I live in Westchester County, New York where I work privately with students, teaching writing. I am currently working on a new novel.  

And now, here is Ms. Schieber:

 

 I do not think it is possible to be a writer and not be a reader. I have been a reader all my life. As a child, I never owned books. There was simply no money for books beyond the occasional selections I could make at a school book fair. I still have my tattered paperback copy of A Tree Grows in Brooklyn by Betty Smith. It is held together with rubber bands, but I cherish it because it was one of the only books I owned. Although I may not have owned books, my mother took me to the library every week. Over the long summer break, we were allowed to take out as many books as we wanted, and I can remember going to the library with a shopping cart to load up with wonderful thick books like Marjorie Morningstar, Anna Karenina, War and Peace, The Brother Karamazov, David Copperfield. . . I remember them all. My taste in reading changed over the years, and I was drawn mostly to women writers. I love Fay Weldon. Her early books, Puffball, Down Among the Women, Praxis and one of my all time favorites, The Fat Woman’s Joke, are incredibly funny and sharp and almost relentlessly honest. Weldon is a keen observer of how women make their way in the world, and of how men can invariably bring despair of some sort even they do not mean to. Weldon makes me laugh. I never grow tired of her work.

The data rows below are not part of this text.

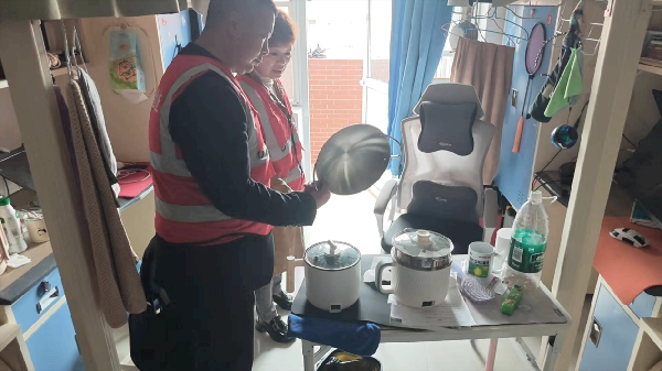 4月7日,专项检查组对8号学生公寓开展突击检查。工作人员严格按照“全覆盖、无遗漏、无死角”要求,逐寝室、逐床位开展拉网式排查,重点清查违规使用大功率电器、私拉乱接电线等行为,现场查获电煮锅、电热水壶等违规电器9台。检查人员依规对违规物品进行登记、暂扣,同步结合火灾典型案例,现场讲解违规用电的严重危害与相关管理规定,引导学生自觉遵守宿舍安全管理要求,树牢“安全第一、生命至上”理念。
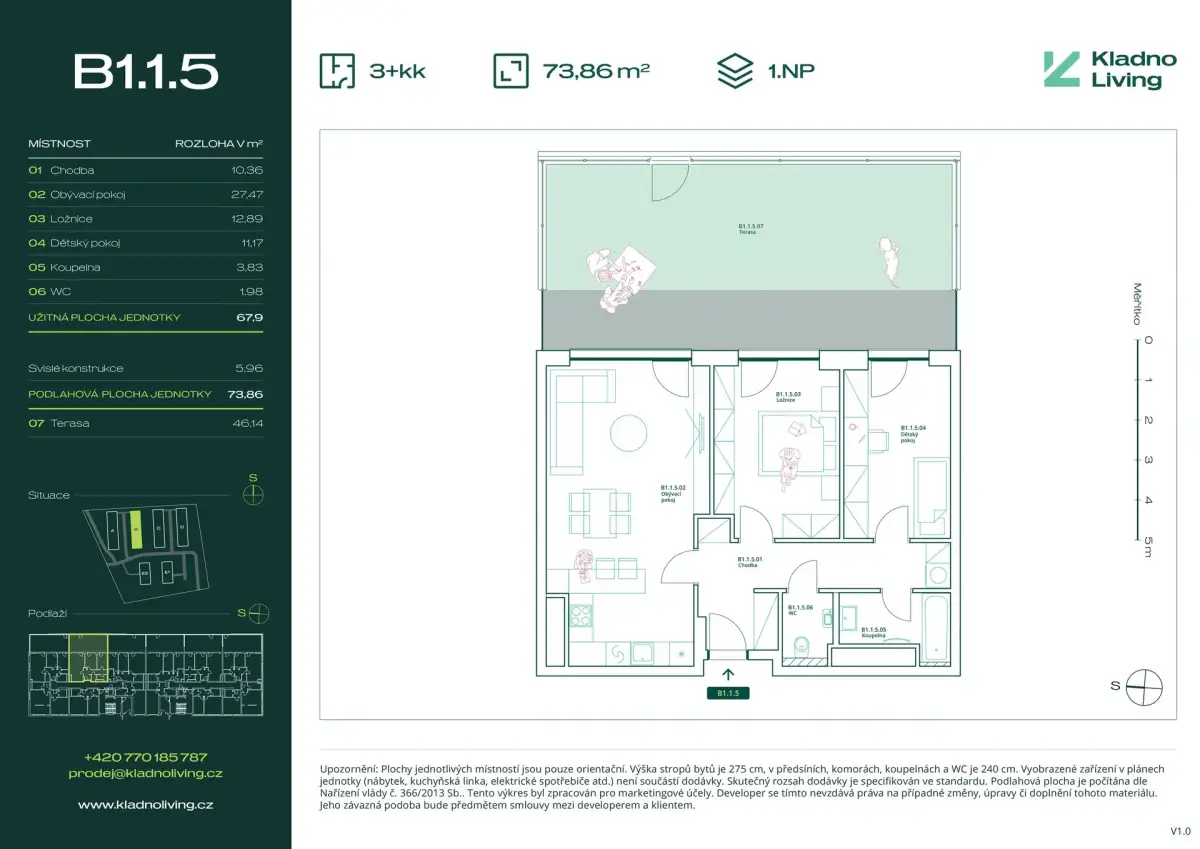 Nabízíme ke koupi moderní byt 3+kk o podlahové ploše 73,9 m² s terasou 46,2 m² v rezidenčním projektu Kladno Living, který vzniká v jedné z nejatraktivnějších lokalit města Kladno – Kročehlavy. Tento nový developerský projekt představuje jedinečnou příležitost pro ty, kteří hledají nové byty v Kladně nebo investici do nemovitosti s vysokým potenciálem zhodnocení.
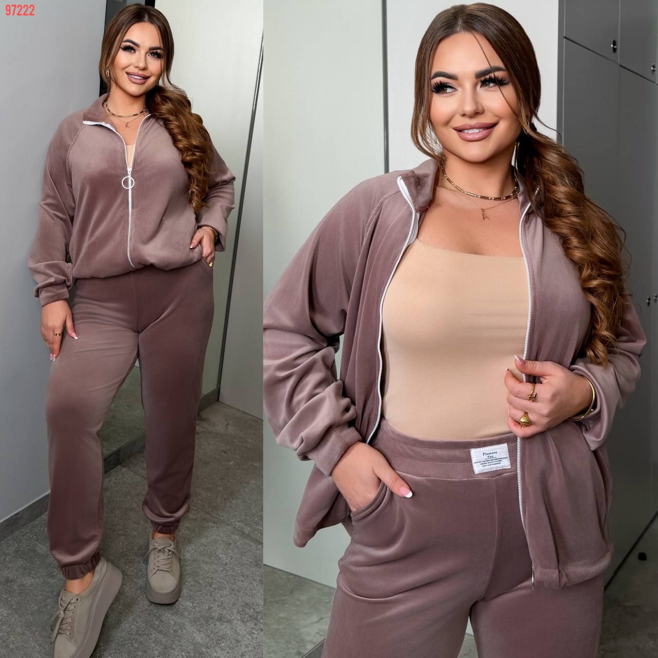 Спортивний костюм з велюру в кольорі мокко №97222
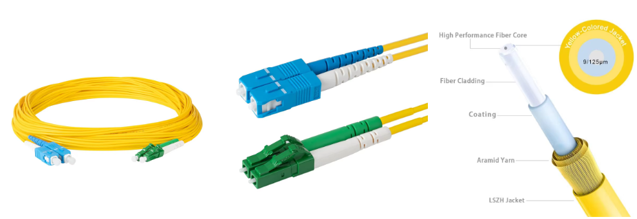 SC/UPC to LC/APC Single Mode OS2 9/125 Fiber Optic Patch Cord | Duplex Jumper Cable
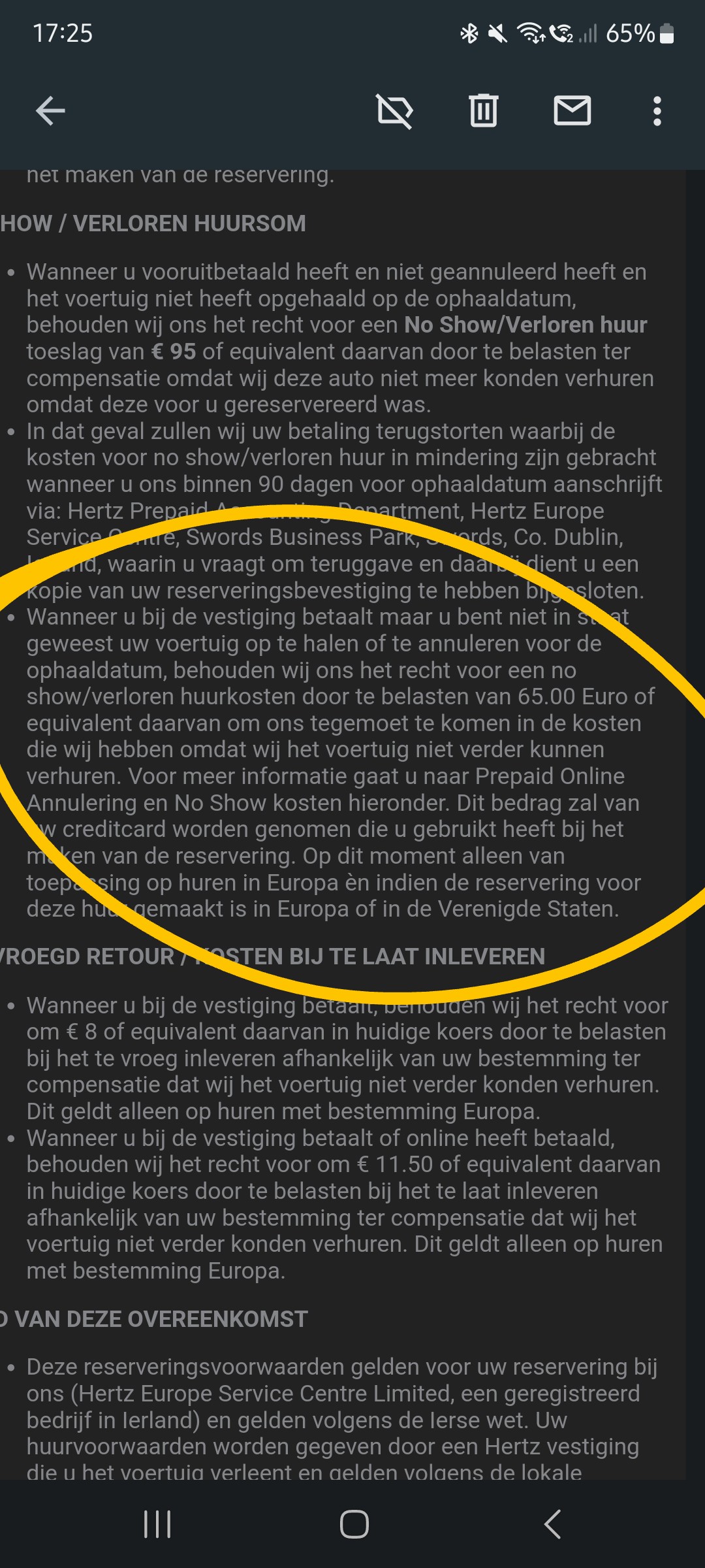 Maak mij gek. Er staat daar toch dat ze het recht hebben 65 euro in te houden?

      I am also a great fan of Carol Shields. I have read all her work with great admiration, but I am most fond of Unless. There are lines in that novel that just sing. I am awed by her talent, her boldness, and her clarity. I have read and loved work by Rachel Ingalls, especially Mrs. Caliban. And I will never forget Dorothy Alison’s Bastard Out of Carolina. A book like that is a remarkable achievement. The story never leaves you. Anne Tyler’s work is so consistently good that even if the plot occasionally falters, the writing is just so clean, so disarmingly enough, that nothing else matters. I anticipate her books with joy. I have intermittently loved Alice Hoffman, particularly some of her earlier works like Turtle Moon, Second Nature and At Risk. I would be remiss if I did not admit that her work has influenced me. Jane Smiley’s Ordinary Love and Good Will may be among the finest pieces I’ve ever read. And I enjoy Alison Lurie and Alice Adams as well.  The Transit of Venus by Shirley Hazzard is a remarkable book. I love the short stories of Joyce Carol Oates and Gabriel Garcia Marquez. They are flawless. Yasunari Kawabata’s Palm of the Hand stories are beautiful, and I revisit them to remind myself of how less is more and of how difficult it can be to achieve that.

      When I read, I want an “ah-ha” moment at least once. I want to close my eyes for a moment and say. “Yes, that is exactly how that feels.” It is what I strive for when I write. It is always my intention to be honest, to anticipate a reader’s connection with my words and to know that even if it is only once, I have achieved that goal.